Military College of Telecommunication Engineering (MCTE)
The first training institution in Mhow, MCTE was known as the School of Signals till 1967. It is the alma mater of the Corps of Signals. MCTE conducts telecommunications and information technology courses for officers, JCOS, NCOs and soldiers of the Indian Army. Officers and men from other countries also attend courses there. It also trains gentlemen cadets for a bachelor's degree in engineering at the Cadets Training Wing (CTW). On completion of their training, most of the cadets get commissioned into the Indian Army's Corps of Signals, however, some are also commissioned into other branches. Indian Army has also set up a Quantum Computing and an Artificial Intelligence centre at MCTE.
The present Commandant is Lt Gen MU Nair, AVSM.

The Army War College

Army War College, Mhow (AWC) is a tactical training and research institution of the Indian Army. It develops and evaluates concepts and doctrines for tactics and logistics. The college trains about 1,200 officers, as well as paramilitary forces each year.

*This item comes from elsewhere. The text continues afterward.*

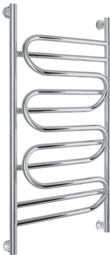
Рис. 1 Модель «Иллюзия+»

1.2. Конструктивно радиатор изготавливается различных моделей и типоразмеров (рис. 1).

The college was originally established as the College of Combat at Mhow on 1 April 1971. It was spun out of the Infantry School, Mhow. It continued to operate from the campus of the Infantry School until 1988, when the college moved to its new campus. In 2003, the college was renamed as the Army War College, Mhow.

The college mainly conducts three courses—the Junior Command (JC) course, the Senior Command (SC) course and the Higher Command (HC) course. The former Chiefs of Army Staff (COAS) General K. Sundarji and General V. N. Sharma have served as the Commandant of the college. The present commandant is Lt Gen Dushyant Singh, PVSM, AVSM.

Government and politics
Mhow has one seat in the State Legislative Assembly (the Vidhan Sabha). The first elected MLA (Member of Legislative Assembly) was R.C. Jall (Indian National Congress) who belonged to the Parsi community.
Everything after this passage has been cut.